Objective: To evaluate trends in antidiabetic medication initiation patterns among patients with type 2 diabetes mellitus (T2DM) with and without chronic kidney disease (CKD).
Research design and methods: A retrospective cohort study using the UK Clinical Practice Research Datalink (2006-2020) was conducted to evaluate the overall, first-, and second line (after metformin) medication initiation patterns among patients with CKD (n = 38,622) and those without CKD (n = 230,963) who had T2DM.

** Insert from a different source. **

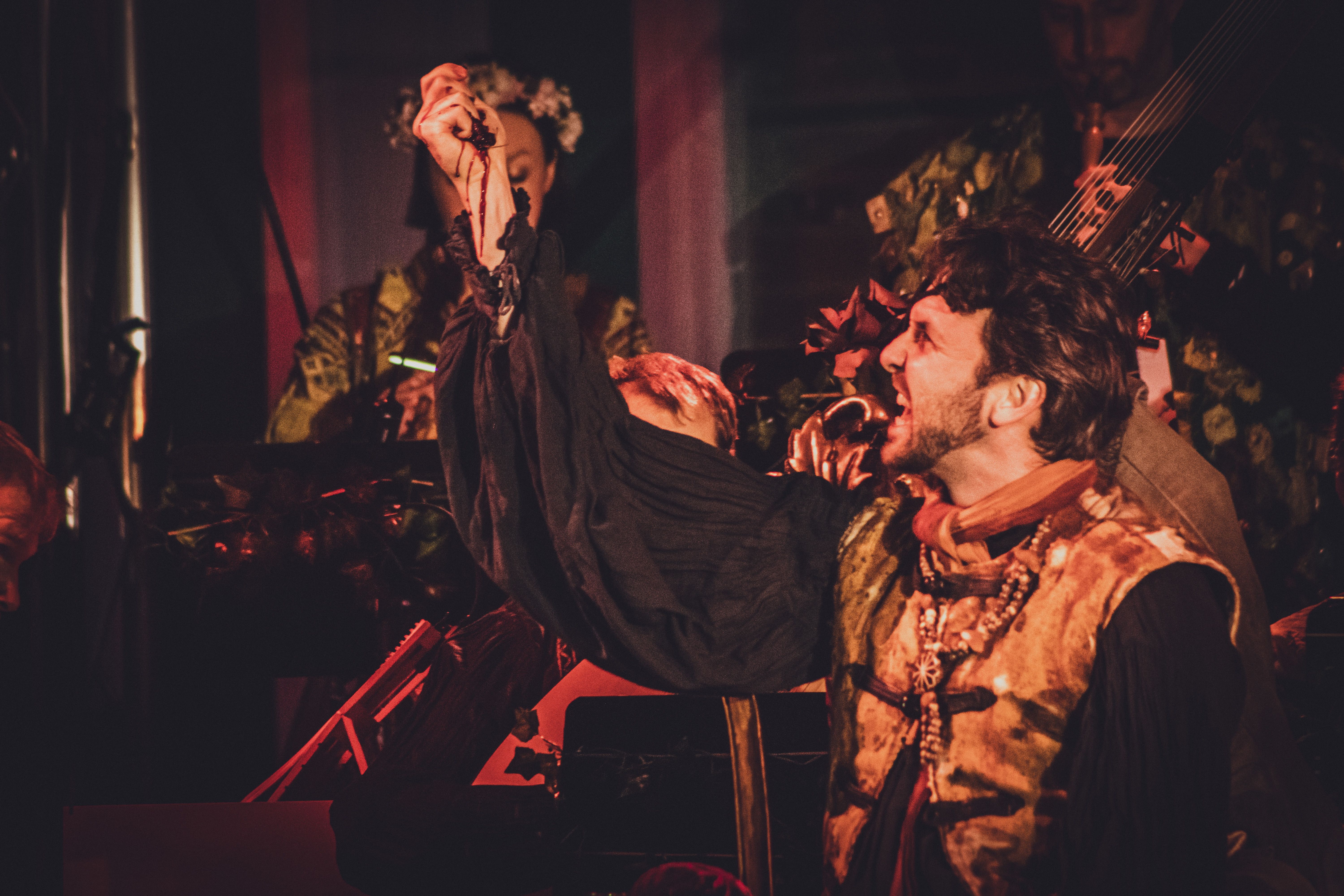This is quite a puff for the entrance of Polyphemus, a monstrous one-eyed goliath. However in this role, Tristan Hambleton rises to the part, a snarling, jealousy-ridden ogre, crashing his way around with a heavy staff and a heavy hand. The role has to be played big, in the drama sense, and Hambleton could have taken it even bigger, but wisely measured his portrayal with gestures, crushing the “blood” from cherries, and with his ample bass-baritone voice. With the musical accompaniments Handel mocks Polyphemus, furioso strings as he fumes, “I rage, I melt, I burn!” and a sopranino recorder against “O ruddier than the cherry”. The musicians have great fun with this. Hambleton is a little more comfortable towards the top of his range, but here this works in making Polyphemus’ outbursts more of a rant.

Results: Relative to other glucose-lowering therapies, metformin initiations declined overall but remained the first-line treatment of choice for both patients with and those without CKD. Sodium-glucose cotransporter-2 (SGLT2i) use increased modestly among patients with CKD, but this increase was more pronounced among patients without CKD; by 2020, patients without CKD, compared with patients with CKD, were three (28.5% vs. 9.4%) and six (46.3% vs. 7.9%) times more likely to initiate SGLT2i overall and as second-line therapy, respectively. Glucagon-like peptide 1 receptor agonist (GLP-1RA) use was minimal regardless of CKD status (<5%), whereas both dipeptidyl peptidase-4 inhibitor (DPP4i) and sulfonylurea use remained high among patients with CKD. For instance, by 2020, and among patients with CKD, DPP4i and sulfonylureas constituted 28.3% and 20.6% of all initiations, and 57.4% and 30.3% of second-line initiations, respectively.
Conclusions: SGLT2i use increased among patients with T2DM, but this increase was largely driven by patients without CKD. Work is needed to identify barriers associated with the uptake of therapies with proven cardiorenal benefits (e.g., SGLT2i, GLP-1RA) among patients with CKD.
© 2022 by the American Diabetes Association.